### Material provided
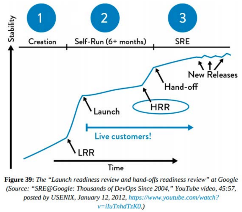La LRR debe realizarse y aprobarse antes de que cualquier nuevo servicio de Google se ponga a disposición del público y reciba tráfico de producción en directo, mientras que la HRR se realiza cuando el servicio pasa a un estado gestionado por operaciones, normalmente meses después de la LRR.
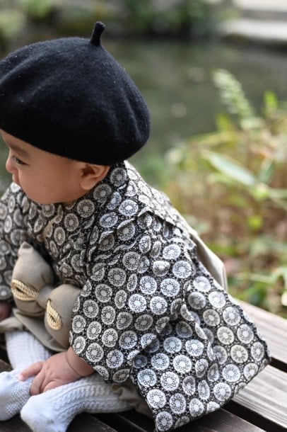 ○上着の結び目が見えないようハイウエストで着せてあげてください
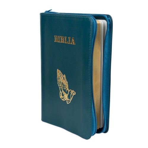Biblia din piele, marime medie, culoare, albastru turcoaz închis, fermoar, margini aurii, simbolul maini in rugaciune, cuv. lui Isus cu rosu [052]
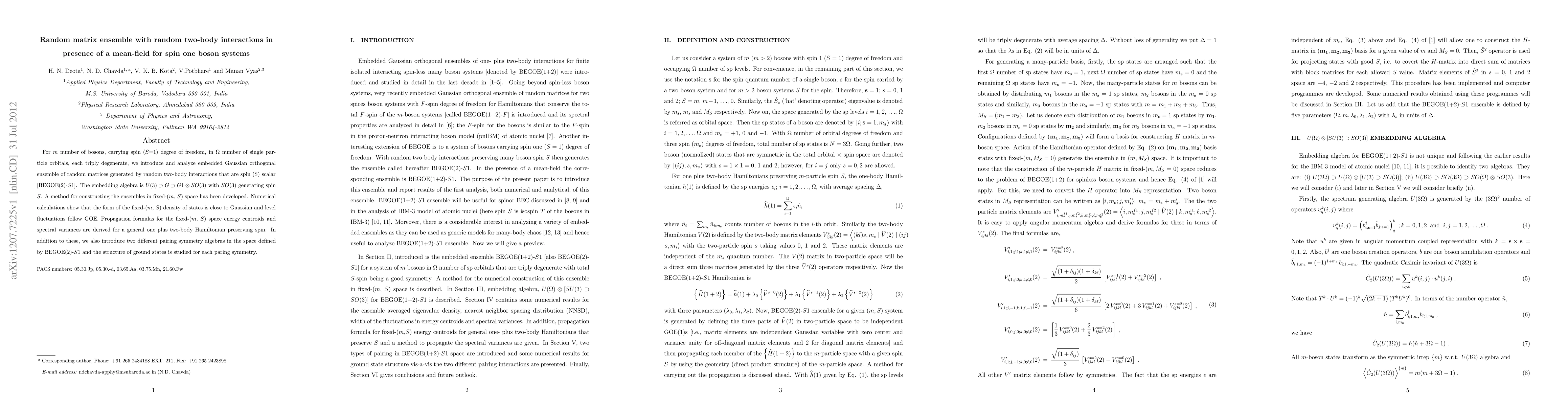 This paper introduces a Gaussian orthogonal ensemble of random matrices for spin one boson systems with random two-body interactions, analyzing the density of states and level fluctuations. It also develops propagation formulas for energy centroids and spectral variances, and explores ground state structures under different pairing symmetries.
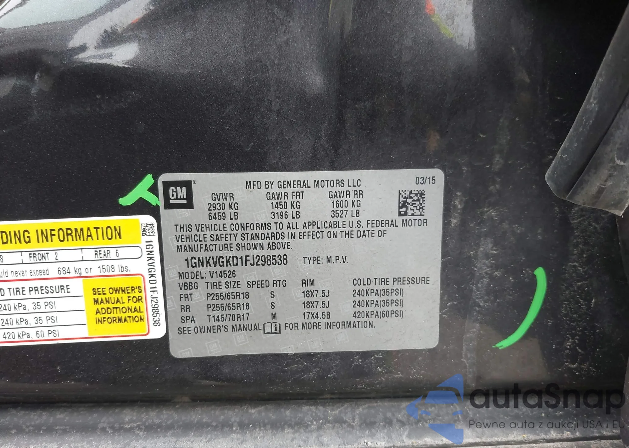 • VIN 1GNKVGKD1FJ298538
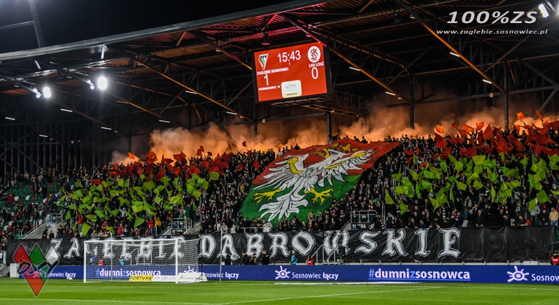 В Сосновце встречались «Заглембе» и «ЛКС». Фанаты хозяев продемонстрировали перформанс «Домбровское Заглембе».
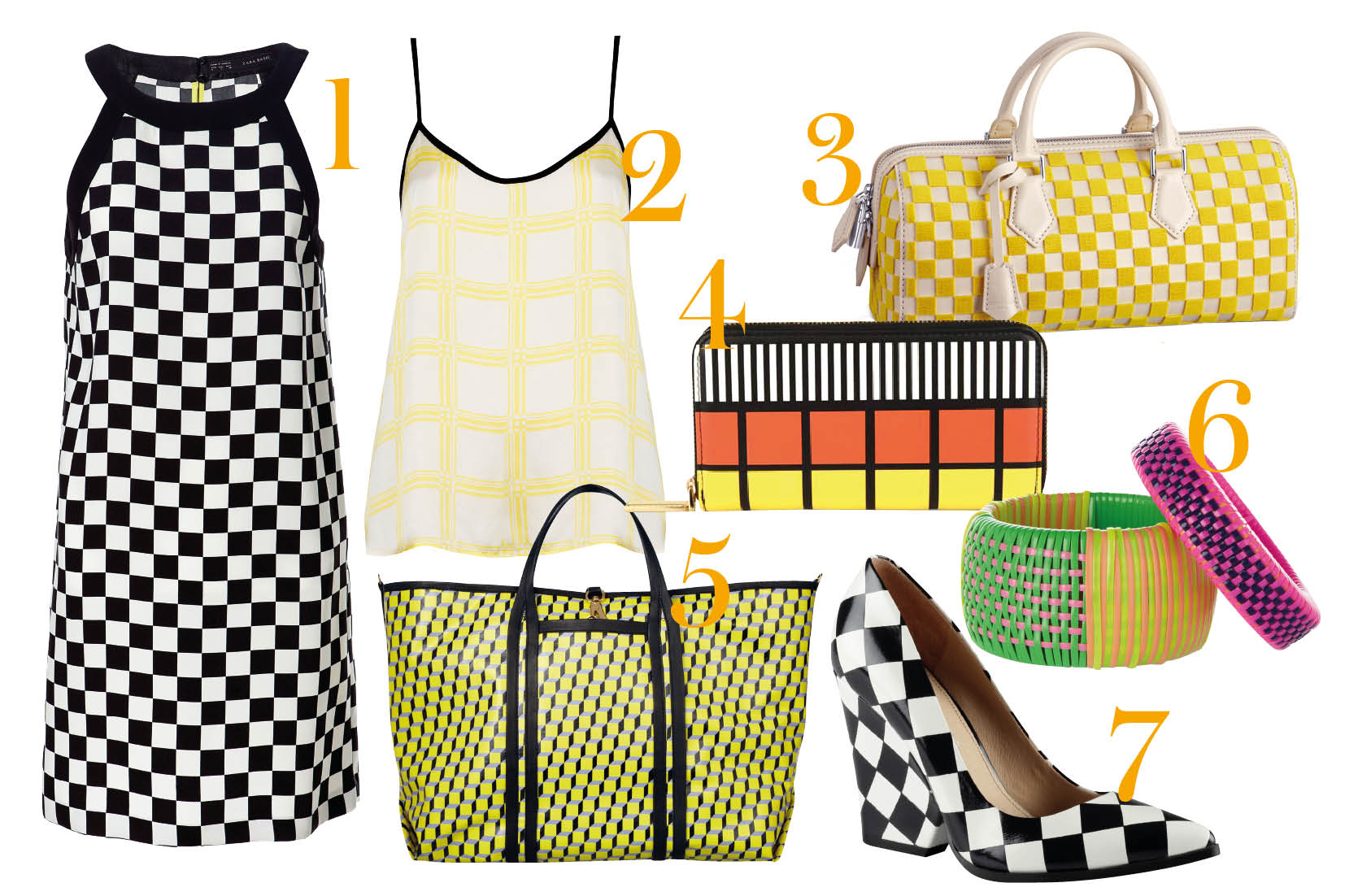 Time to say hello to the new squares. Sekarang motif geometris ini bertransformasi dalam berbagai item dengan warna dan pola seru! Berikut seleksi Cosmo untuk opsi gaya Anda. (Nia / DA / TA / Image: Dok. Cosmopolitan)

### What to work on
Copy the records exactly. Skip any pictures.

### Answer section
La LRR debe realizarse y aprobarse antes de que cualquier nuevo servicio de Google se ponga a disposición del público y reciba tráfico de producción en directo, mientras que la HRR se realiza cuando el servicio pasa a un estado gestionado por operaciones, normalmente meses después de la LRR.
 ○上着の結び目が見えないようハイウエストで着せてあげてください
Biblia din piele, marime medie, culoare, albastru turcoaz închis, fermoar, margini aurii, simbolul maini in rugaciune, cuv. lui Isus cu rosu [052]
 This paper introduces a Gaussian orthogonal ensemble of random matrices for spin one boson systems with random two-body interactions, analyzing the density of states and level fluctuations. It also develops propagation formulas for energy centroids and spectral variances, and explores ground state structures under different pairing symmetries.
 • VIN 1GNKVGKD1FJ298538
 В Сосновце встречались «Заглембе» и «ЛКС». Фанаты хозяев продемонстрировали перформанс «Домбровское Заглембе».
 Time to say hello to the new squares. Sekarang motif geometris ini bertransformasi dalam berbagai item dengan warna dan pola seru! Berikut seleksi Cosmo untuk opsi gaya Anda. (Nia / DA / TA / Image: Dok. Cosmopolitan)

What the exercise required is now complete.